His goal, therefore, is no less than to "make sense of what has gone awry in North American society and abroad." And his stated focus is to urge "society do a better, saner job at controlling lethal agents like firearms, while also taking a closer look at how highly addictive activities might be affecting the readiness of our youth to emerge as the leaders of tomorrow."
Put that way, he sounds preachy.
But the devil is in the details. And the details here are often artfully marshalled.
Charach divides his collection into three parts, dealing respectively with violence, health and religious identity.
The first part, titled Gun Violence, is the strongest. Charach convincingly argues that the American constitutional right to bear arms has been twisted out of logical shape by technological advances in weaponry.
As a psychiatrist, he views the easy availability of handguns in the U.S., coupled with the U.S. Supreme Court's striking down of city-enacted bylaws banning handgun ownership, as rampant folly. "[I[t isn't just bred-in-the-bone immoral men who misuse guns. Good men can (and do) become bad men, especially when drunk, too paranoid, too depressed, too jealous, or, dare we say it, too desperately poor. And when they have access to guns, their human frailties can rapidly become human tragedies."
And lest Canadians feel smug about ours being a peaceable society next to the U.S., Charach reminds us that Kimveer Gill, who murdered one and wounded 19 in a 2006 attack on Montreal's Dawson College, "legally obtained his firearms and the permits to use them."
Also noteworthy, under Charach's health rubric in Part 2, is a thoughtful and balanced medico-legal piece on the pros and cons of both marijuana use and marijuana legalization (which he largely favours).
However, not every essay is stellar.
A reflection on a touring anatomy exhibit (Charach dubs it an "extravaganza") he saw at the Ontario Science Centre seems out of place. Likewise, a piece on why he writes poetry comes off as self-indulgent.

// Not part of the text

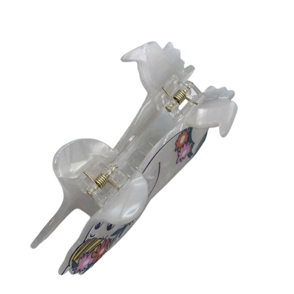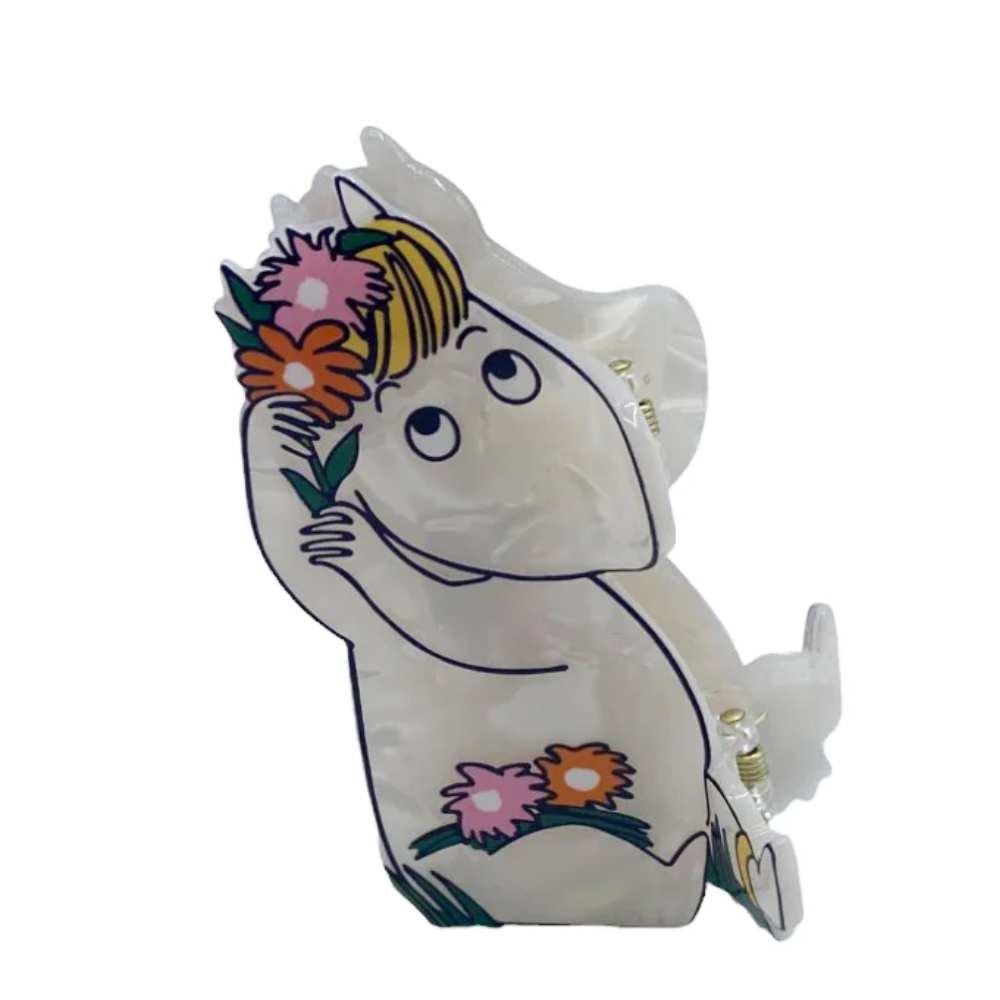 This delightful House of Disaster hair claw is the perfect accessory for all Moomin fans! The clip features Snorkmaiden with flowers in her hair and at her feet. Made from pearlescent acetate, this lightweight and durable hair clip holds hair back beautifully without causing any discomfort. The clip is the perfect addition to any outfit or a wonderful gift idea.

The book also could have used a fact checker. There's not a huge number of gaffes, but they tend to surface at the worst of times.
For example, Charach winds down an excellent piece on the concepts of distress and lethality in the context of violence, especially suicidal violence, with criticism of capitalism's culpability in the proliferation of high-tech weapons on the streets of American cities, and offers that "many U.S. legislators in both Houses of Parliament join the boards of defence contractors after they retire."
The U.S. doesn't have Houses of Parliament. It has a Congress, composed of a House of Representatives and Senate.
But, sloppy fact-checking and a couple of dubious inclusions aside, Cowboys & Bleeding Hearts is a lucid and provocative take on how to engage problems of violence and addiction.
Douglas J. Johnston is a Winnipeg lawyer and writer.